Friday, July 5, 2013

ARE WE PROGRAMMED FOR CHEESE BURGERS

There was a long article in the local paper Sunday profiling folks who say they want to eat healthier and end up going for what society currently says is the “bad” stuff. One gal went into Dunkin’ Donuts for a cup of coffee and came out with a breakfast sandwich. Served on a split, glazed donut. Sorry, that does not float my boat. Ham and eggs is ham and eggs. And donuts are donuts not biscuits or English Muffins. Then there was the Charles Jr. double bacon cheeseburger with six, count them, six slices of bacon. Even if they use four ounce patties, and I don’t think they do, that’s half pound of meat plus the cheese.

But it did get me thinking. I just finished Killing the Hidden Waters by Charles Bowden. While detailing how our current water usage is draining the Ogallala aquifer he spends much of the book profiling the Native American tribes known to us as the Pima. The groups range from those lived in the driest section of the Sonoran desert and were true nomads to those who had access to fairly reliable water from year to year and spent the majority of their time in either summer or winter villages.

All practiced as sustainable lifestyle as possible in a desert. Their crops seldom provided much of a surplus and they depended on rain fall or stream water, not on underground “fossil” water. For some, like the true wanderers, it was to our eyes sustainable, but also right on the edge of survival. Access to foods high in fat or sugars was seasonal and frankly, unless you were able to get a deer or a buffalo, not a whole lot at any one time even then.
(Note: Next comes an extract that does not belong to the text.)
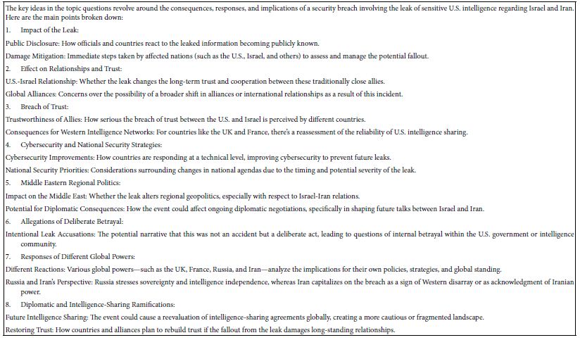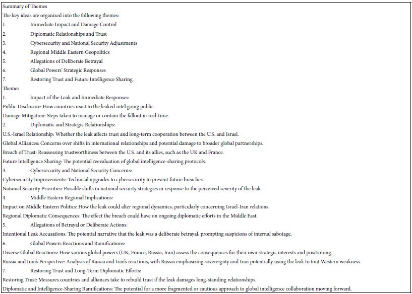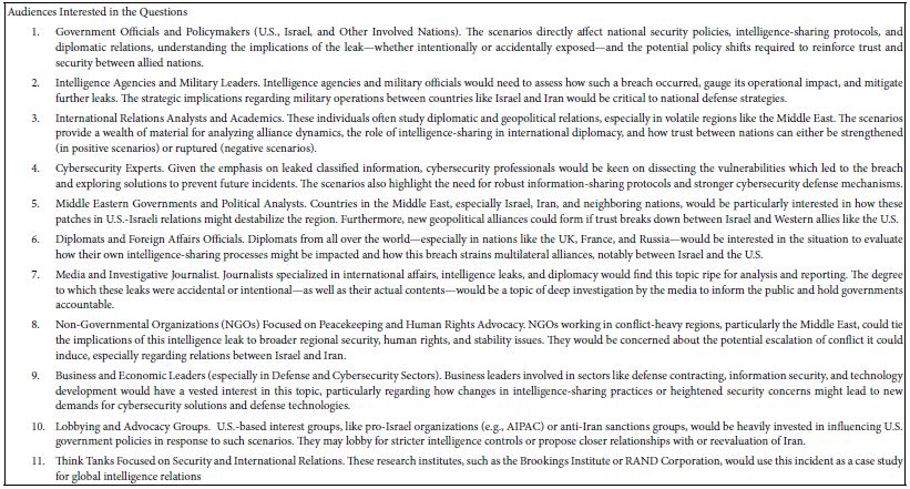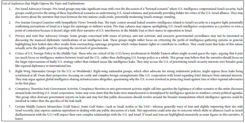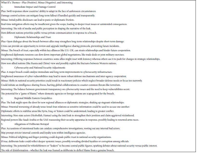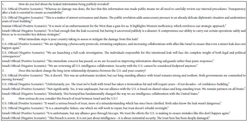 Artificial intelligence (AI) systems accessible through Idea Coach, the AI-linked feature of Mind Genomics through BimiLeap.com, can be used for simulation. The simulation, shown in detail in this paper, generates insights into real-world scenarios, such as the hypothetical “betrayal” by the U.S. sharing with others secret information which it had developed with Israel. AI is adept at synthesizing raw data and generating insights which mirror complex human situations, removing cognitive biases typically present when humans analyze scenarios emotionally. AI also excels at organizing complex networks of variables and ensuring cohesiveness, which is crucial when confronting intricate issues like geopolitics, national security, or international diplomacy [9-11]. AI’s ability to summarize and generate outcomes has real-world implications for organizations in sectors like government, law, business, or research. It can sort through thousands of variations, reporting back on probable consequences, best- and worst-case actions, and even unintended secondary effects from multiple perspectives. AI synthesizes ideas and combines knowledge from dispersed domains, allowing for imaginative, unexpected “mashups” of factors which human analysts might overlook [12].

That’s the way of life most humans lived until the last century or so. Even after we developed agriculture and all the trimmings of a settled lifestyle the chance that you’d get hit with bad harvests, a war, an epidemic, something that would push the food supply to the bare minimum every few years was always on the horizon. What if we’re programmed to go for high calorie foods? It didn’t used to be that big of a problem because most humans didn’t have access to those foods very often and they got a lot more exercise.
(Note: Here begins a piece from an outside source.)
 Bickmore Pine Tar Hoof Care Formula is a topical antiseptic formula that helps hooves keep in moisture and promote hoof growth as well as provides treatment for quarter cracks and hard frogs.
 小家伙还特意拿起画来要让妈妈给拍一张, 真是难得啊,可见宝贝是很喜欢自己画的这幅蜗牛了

I’m not offering the human reflex to go for the gusto when you get the chance as an excuse but as a tool. If we realize WHY we’re semi programmed to skip over the rabbit food on the menu and go for sirloin or the apple pie we might have a better chance of making healthier choices. That and remembering that a serving size is really about four a ounces. Yeah, I know about the size of a deck of cards.


Our way of compensating is to go in the middle of the afternoon and combine lunch AND dinner in one meal. We still have to watch things more closely when we know we’re going out but is does help.